O surgimento da Academia de Dança Corpo Livre, uma empresa familiar, foi no mínimo inusitado: o negócio foi adquirido pela matriarca da família Lobato para satisfazer o sonho da filha, que na época tinha apenas 13 anos.

Apaixonada por dança, Merene Caroline Lobato, 23 anos, pratica o esporte desde os 4 anos, sempre acompanhada de perto pela mãe, Lúcia Helena Lobato. Quando tinha 11 anos, Merene passou a fazer aulas na academia de um casal de bailarinos, onde sua mãe atuava como secretária. Dois anos depois, em 1996, o casal decidiu vender o negócios e se mudar para Campinas.

“Foi quando surgiu a idéia de assumirmos a direção da empresa. No começo tudo foi incerteza. Tínhamos apenas 15 alunos e tudo o que sabíamos aprendemos com os antigos donos, mas eu era decidida e sabia o que queria”, lembra Merene.

De acordo com ela, decisão mais acertada não poderia ter sido tomada. A empresa é a paixão da família. “O trabalho aqui é muito gratificante. O melhor de tudo é saber que meus pais acreditaram em mim e compraram a academia por minha causa. Nossa aventura deu certo”, afirma Merene.

A empresa, que completou 10 anos de funcionamento sob o comando de Lúcia, tem planos de expansão.
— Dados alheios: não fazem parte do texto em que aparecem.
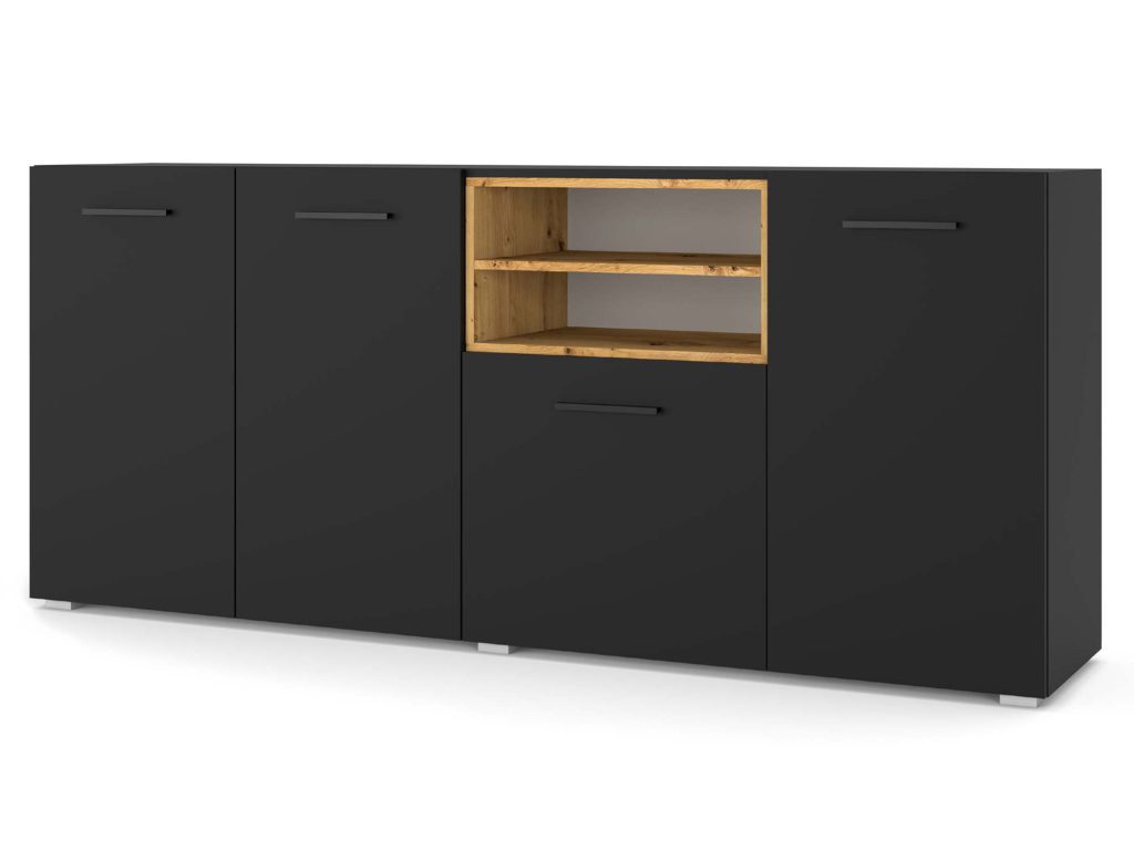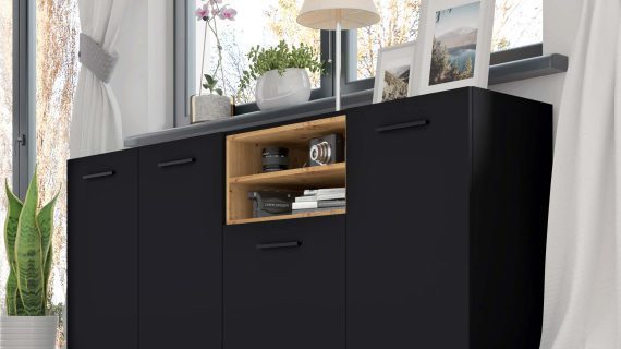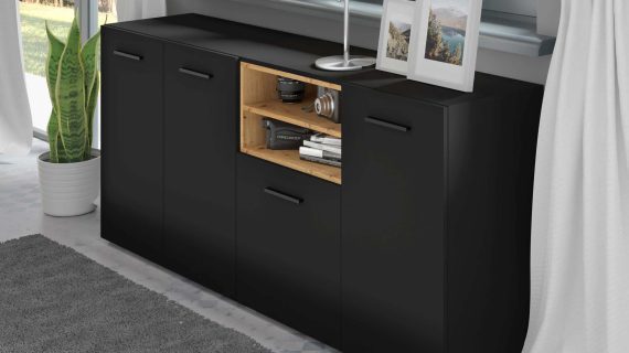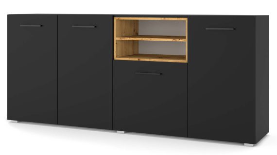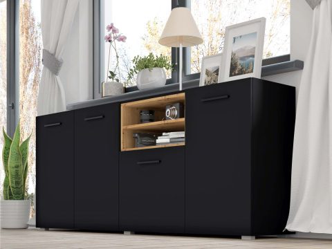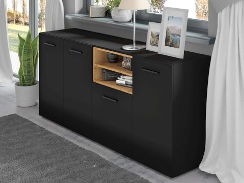 Wyraziste zestawienie matowej czerni z dekoracyjnym dekorem dąb artisan wprowadza do pomieszczenia przytulną, a zarazem designerską atmosferę. Czarne, dyskretne uchwyty dodają komodzie charakteru, jednocześnie nie odciągając uwagi od harmonijnej formy bryły.

A família pretende deixar o prédio alugado em breve e se mudar para um espaço próprio.

Merene conta que só foi possível prosperar por conta do respeito e apoio conquistado pelo trabalho juntos. “Tenho segurança em trabalhar aqui. Minha mãe me apóia, mas também me dá bronca. Já meu pai, mesmo sendo metalúrgico e tendo outro emprego, faz de tudo para nos agradar. E a participação dele é fundamental: ele ajuda com as fantasias, faz divulgação e, se precisar, até abre e fecha a cortina no dia do espetáculo”, orgulha-se.